Por Saul Leblon no site Carta Maior

A mídia demotucana destacou batalhões para escarafunchar possíveis vínculos entre a construtora Delta (mostrada como uma espécie de caixa de compensação do esquema Cachoeira), obras do PAC e eventuais doações a políticos e campanhas do PT. A investigação é legítima. Mas a ênfase exclusiva denuncia a intenção do dispositivo midiático conservador. Trata-se de acuar o governo Dilma com uma barragem de denúncias, suspeição e incerteza e, ao mesmo tempo, produzir um efeito atordoante na opinião pública.

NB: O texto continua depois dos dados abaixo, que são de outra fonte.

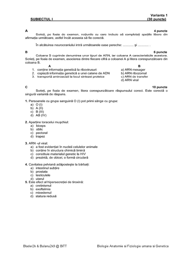 Dacă alegi „anatomie și fiziologie umană, genetică și ecologie, trebuie să știi că programa specifică acestei probe constă în materia studiată la liceu, biologie, în clasa a accesează variantele alese pentru sesiunile trecute ale bacului la anatomie (din 2016 și 2015), rezolvă singur cerințele, iar apoi. Bac variante 2 backtrackingfull description. Ortografie craiova2014 ultima olimpici 2010 subiecte bac biologie.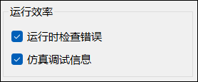 勾选【运行时检查错误】会一定程度降低仿真效率。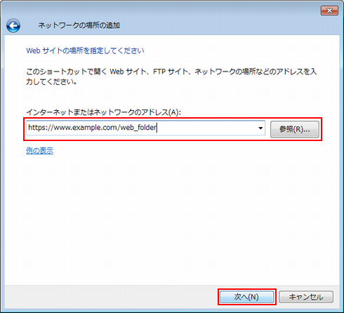 - ※ このマニュアルでは、『https://www.example.com/web_folder』に接続します。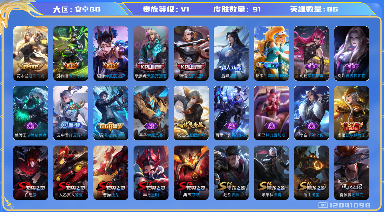 [12041098]【特价急出/详情看图】:安卓Q-V0-秩序白银II段位-86英雄-91皮肤-3传说-17史诗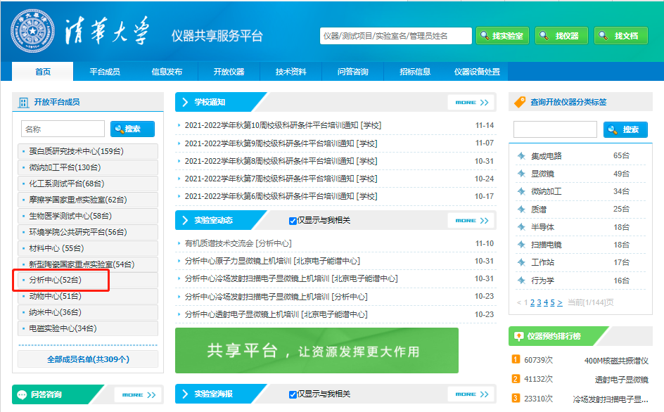 清華大學儀器共享服務平臺 是校實驗室管理處建設的全校科研條件平臺服務系統,分析中心是其成員單位之一。全校開放共享設備的詳細信息、各實驗室的通知公告和各類技術資料等均可查詢。其中最便捷的功能是測試預約和校內繳費。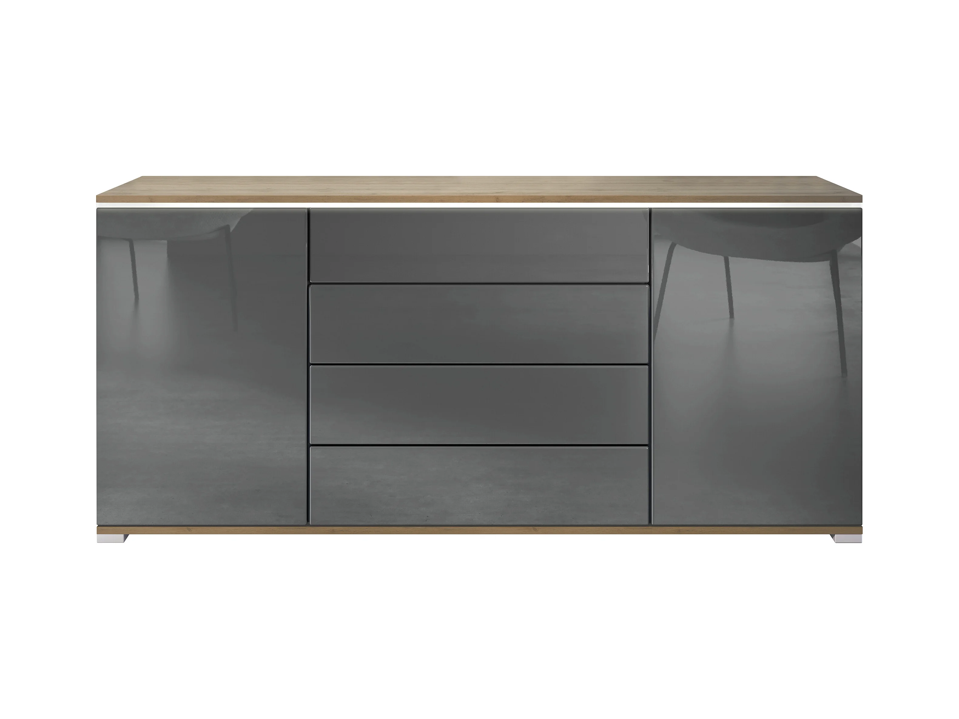 Buffet Faro V2 – Meuble avec 2 Portes & 4 Tiroirs, Armoire avec Bande LED Lumineuse, Chêne Evoke / gris haute brillance (166,5 x 75,5 x 35)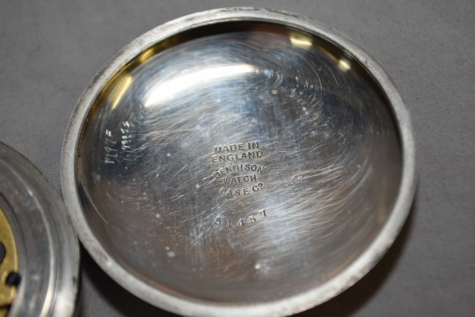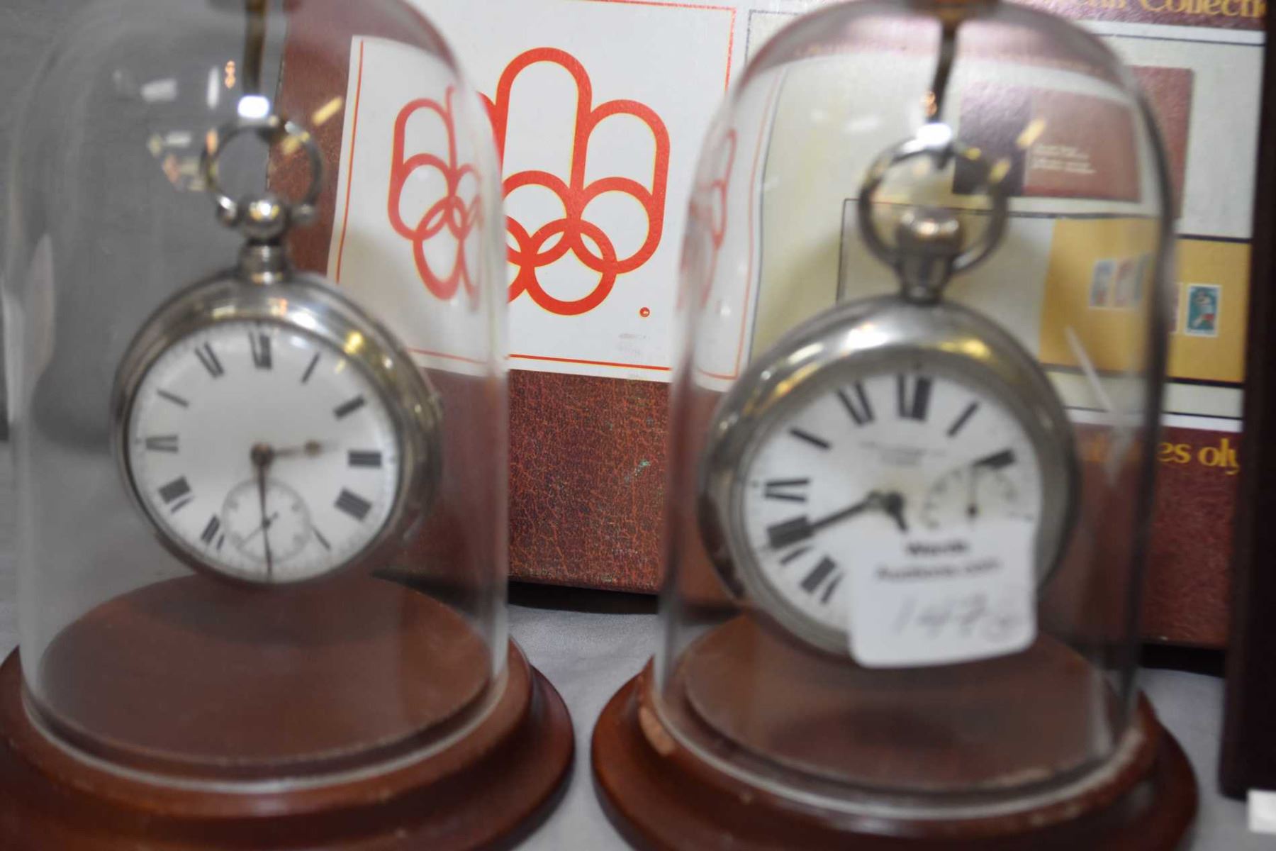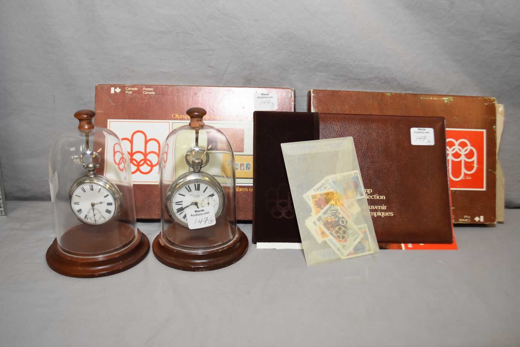 Two antique pocket watches including 7 jewel, WWI Army issue and English made sterling key wind watch in English watch outer case holder and two 1976 Olympic Collector stamp sets

O bombardeio diário, articulado e complementar tece a narrativa de um folhetim. Manejado por autores experientes na arte de ocultar e confundir o público, desta vez persegue um objetivo hercúleo: ofuscar o consórcio de carne e osso que liga o esquema Cachoeira à oposição mas, sobretudo, eclipsar a preciosa singularidade deste caso –o papel explícito do braço midiático como lubrificante na engrenagem criminosa; mediador sem o qual a ação dos interesses que fazem faz gato e sapato da democracia brasileira não vingaria.

A contundência da autodefesa estampada nos jornais empresta veracidade a rumores. Além da revista Veja e da editora Abril, entaladas até o pescoço nas águas da cachoeira, conforme evidências vazadas das escutas policiais, circulam nas redações outros nomes de prestígio do jornalismo que estariam engolfados até o nariz na lama revolvida pela PF. Interessaria a esses supostos personagens –e ao círculo endogâmico que tombaria ao seu redor– a operação de guerra em curso para cauterizar todos os elos e ramificações fatais do caso. Assim está sendo feito.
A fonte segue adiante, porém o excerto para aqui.